Canada’s manufacturing sector faces the biggest risk should Trump push forward on imposing broad tariffs, said Canadian Manufacturers and Exporters president and CEO Dennis Darby. He said the sector is the “most trade-exposed” within Canada.

“It’s in the U.S.’s best interest, it’s in our best interest, but most importantly for consumers across North America, that we’re able to trade goods, materials, ingredients, as we have under the trade agreements,” Darby said in an interview.

“It’s a more complex or complicated outcome than it would have been with the Democrats, but we’ve had to deal with this before and we’re going to do our best to deal with it again.”

American economists have also warned Trump’s plan could cause inflation and possibly a recession, which could have ripple effects in Canada.

It’s consumers who will ultimately feel the burden of any inflationary effect caused by broad tariffs, said Darby.

“A tariff tends to raise costs, and it ultimately raises prices, so that’s something that we have to be prepared for,” he said.

“It could tilt production mandates.
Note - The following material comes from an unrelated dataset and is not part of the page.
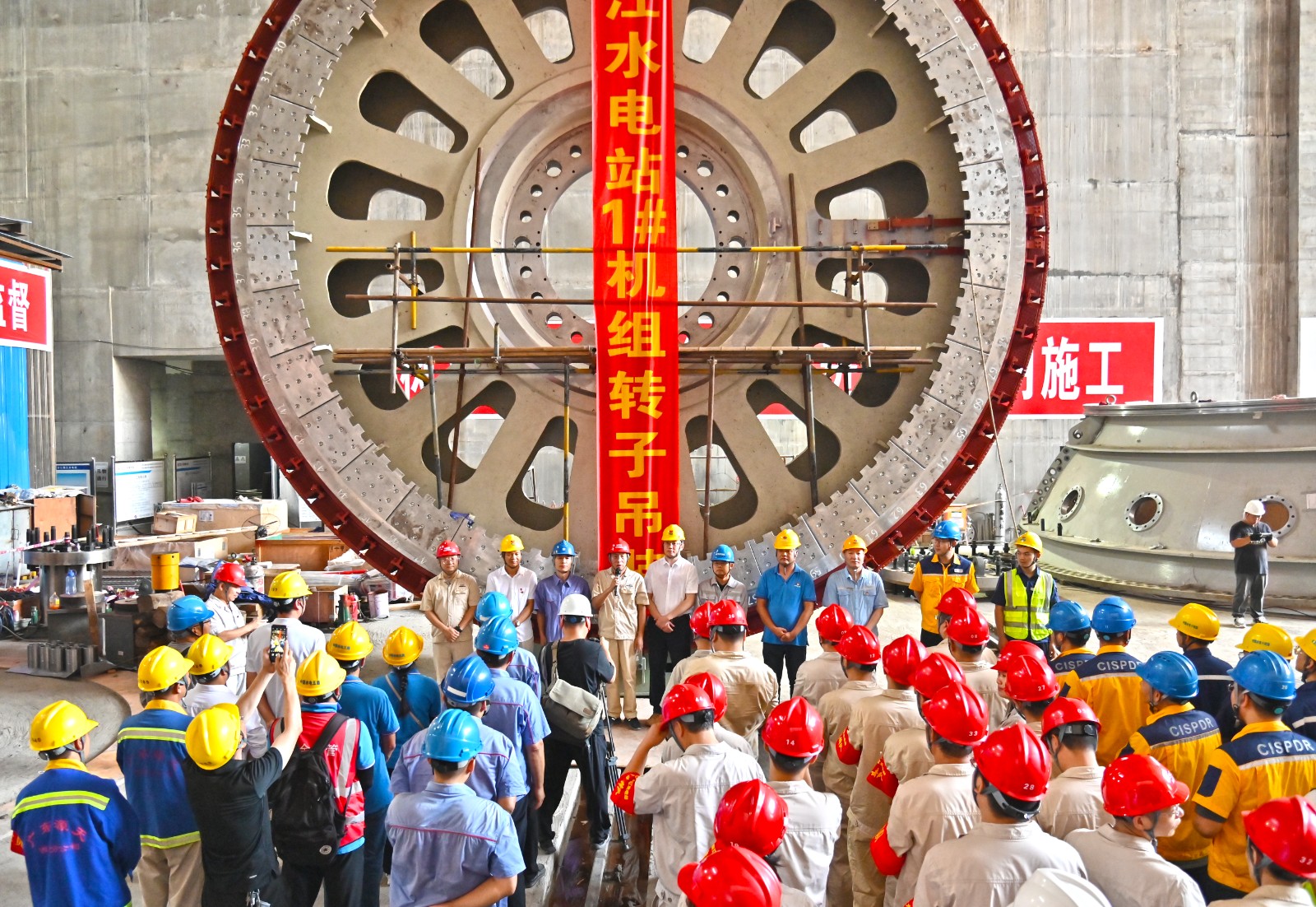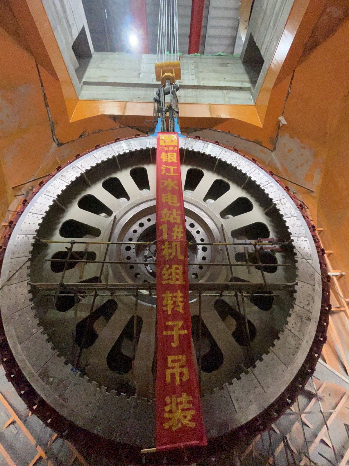 8月25日下午,銀江水電站首臺機組轉(zhuǎn)子順利吊入機坑并與機組主軸連接就位。

A tariff makes goods more expensive, but on the same token, it also will make inputs for the U.S. more expensive.”

A report last month by TD economist Marc Ercolao said research shows a full-scale implementation of Trump’s tariff plan could lead to a near-five per cent reduction in Canadian export volumes to the U.S. by early-2027, relative to current baseline forecasts.

Retaliation by Canada would also increase costs for domestic producers, and push import volumes lower in the process.
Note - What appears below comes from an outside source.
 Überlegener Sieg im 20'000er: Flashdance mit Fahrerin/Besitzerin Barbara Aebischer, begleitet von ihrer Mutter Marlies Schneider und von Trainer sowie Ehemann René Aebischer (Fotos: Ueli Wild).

“Slowing import activity mitigates some of the negative net trade impact on total GDP enough to avoid a technical recession, but still produces a period of extended stagnation through 2025 and 2026,” Ercolao said.

Since the Canada-United States-Mexico Agreement came into effect in 2020, trade between Canada and the U.S. has surged by 46 per cent, according to the Toronto Region Board of Trade.

With that deal is up for review in 2026, Canadian Chamber of Commerce president and CEO Candace Laing said the Canadian government “must collaborate effectively with the Trump administration to preserve and strengthen our bilateral economic partnership.”

“With an impressive $3.6 billion in daily trade, Canada and the United States are each other’s closest international partners. The secure and efficient flow of goods and people across our border … remains essential for the economies of both countries,” she said in a statement.

“By resisting tariffs and trade barriers that will only raise prices and hurt consumers in both countries, Canada and the United States can strengthen resilient cross-border supply chains that enhance our shared economic security.”